Now to the second reason for not doing a sampling recovery study at the LOQ value. My recommendation has been that a recovery study done at a higher spiked amount gives a recovery percentage either the same as or a “worst-case” (that is, lower) as compared to the expected recovery at a lower spiked level. I have written Cleaning Memos about this numerous times in the past, starting in 2007, with the latest one being in October 2020. Some may disagree with this assertion, but so far most reliable evidence is consistent with this principle (recognizing, of course, that most sampling recovery studies do not have the accuracy and/or precision that one would get when measuring a known standard in solution).
To illustrate what happens in this second situation, let’s suppose I do a sampling recovery study at a spiked level to give 10.0 ppm (the acceptance limit value), but my measured residue level is 7.4 ppm. In that case I report a sampling recovery of 74%. Now in my actual cleaning validation protocol, I measure 2.7 ppm (above my LOQ), and I apply the recovery percentage of 74% and report out a correct value of 3.6 ppm. I assume that if I actually did a recovery study at a lower level, my sampling recovery percentage would most likely be either the same or slightly higher, meaning that my reporting of 3.6 ppm is a number that is reliably below my acceptance limit.
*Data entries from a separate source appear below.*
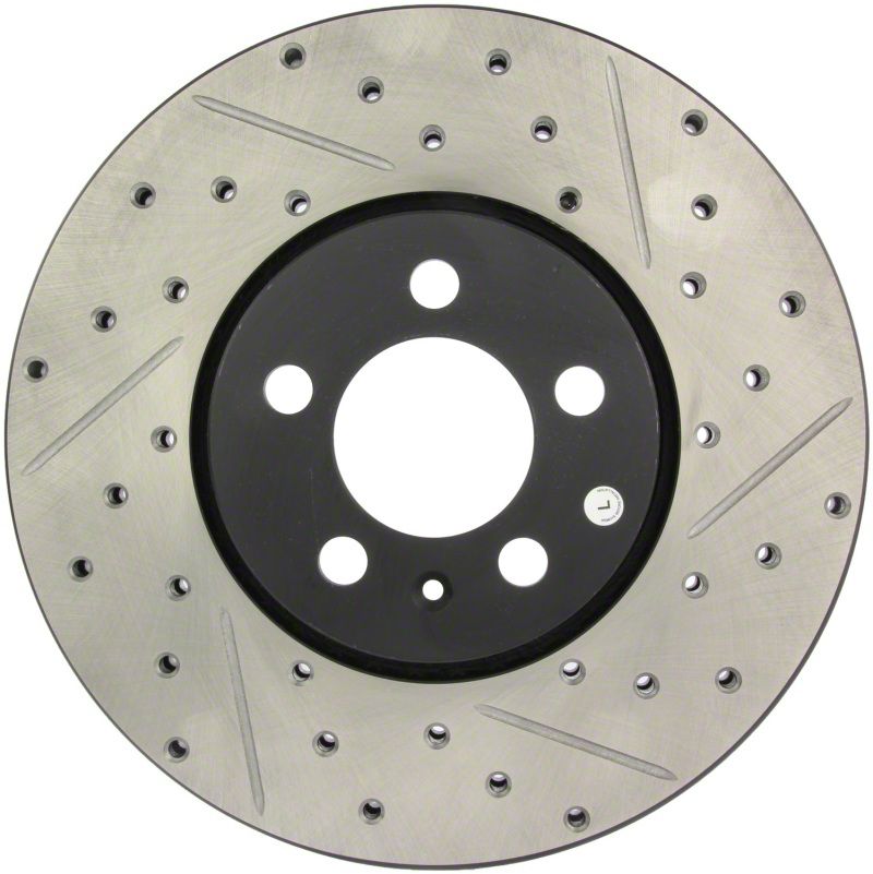 StopTech Drilled and Slotted Sport Rotors are 1-piece direct replacement brake discs for factory brake systems and stock calipers that look great behind your wheels and offer significantly improved braking performance. The unique cross-drilling and slotting aids with heat and brake dust dispersal; prevents glazing of the pads; adds bite and improves wet and dry braking performance. Built to last; the black e-coating provides protection from corrosion and the high carbon metallurgy (in most applications) offers quieter operation; better crack resistance and increased performance.
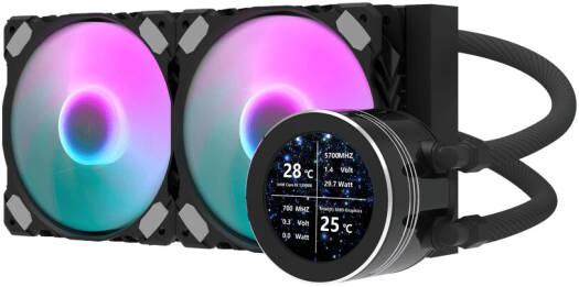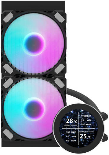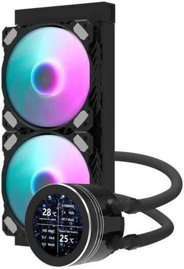 DarkFlash Nebula DN240S Liquid CPU Cooler, 240mm Radiator, 2x 240mm aRGB Fans, 2.1″ IPS Display, 61.7CFM Fan Airflow, 1800 RPM Fan Speed, 30dBA Noise Level, Copper Base Water Block, Black | DN240S
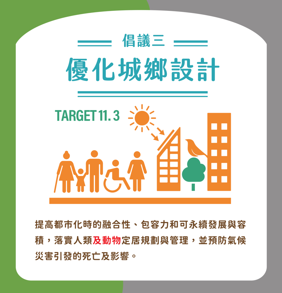 SDG11:永續城鄉的細項「11.3 – 包容性永續城市化」 提到在西元2030年前,提高都市化時的融合性、包容力和可永續發展與容積,落實人類及動物定居規劃與管理,並預防氣候災害引發的死亡及影響。
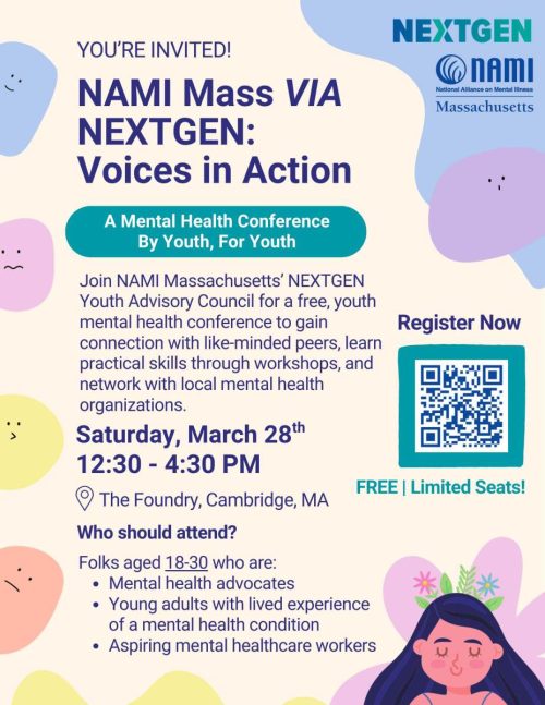 We are excited to invite you to NAMI Massachusetts’ NEXTGEN Youth Advisory Council’s upcoming Voices in Action (VIA) Conference: A Mental Health Conference By Youth, For Youth. This conference will be held at The Foundry (101 Rogers Street, Cambridge, MA 02142) on Saturday, March 28th from 12:30 – 4:30 PM.

As a second illustration , let’s suppose I do a sampling recovery study at a spiked level to give 2.0 ppm (the LOQ value), but my measured residue level is below LOQ. In that case, I apply the same recovery percentage of 74% to the LOQ value of 2.0 ppm and report out a corrected value of 2.7 ppm (or no more than 2.7 ppm). In this case I would also assume that if I could actually do a recovery study at a 2.0 ppm (which as discussed above is problematic), my sampling recovery percentage would most likely be either the same or slightly higher; meaning that my reporting of 2.7 ppm is a number that is reliably below my acceptance limit.
So the main take home lesson here is to avoid trying to do a sampling recovery study at the LOQ value; only do the recovery study at the acceptance limit. If you really insist on doing a sampling recovery study at a value closer to the LOQ, do an additional study (in addition to the study at the acceptance limit) at a value 50% greater than the LOQ. This will assure that if the sampling recovery percentage is at least 70%, the measured value in your recovery study will not be below the LOQ.
Let me also clarify that the LOQ I refer to in this Cleaning Memo is the LOQ of the residue in solution; some companies also will refer to a LOQ as the calculated “sampling LOQ” (by taking the solution LOQ and dividing it by the sampling recovery percentage). I am not referring to that latter use.
Also note that (technically speaking) if my measured value in a cleaning validation protocol is less than the LOD (Limit of Detection), then I should consider applying the recovery percentage to my LOD value. For example, if my LOD were 1.0 ppm and my sampling recovery percentage were 78%, then I should really report out that the value is <1.3 ppm (and not <1.0 ppm). In almost all situations this will not materially affect whether I pass or fail in a cleaning validation protocol as long as my LOD is not the same as my acceptance limit. If my LOD were the same as acceptance limit, I would refine my analytical procedure to lower the LOD, refine my sampling parameters (such as extracting my swab with a smaller volume of solvent), increase my limit (such as by making a larger batch of the next product), and/or dedicate the equipment to that one product.
In all cases, consider the real objective, along with the variability and limitations of your analytical method, in designing a recovery study.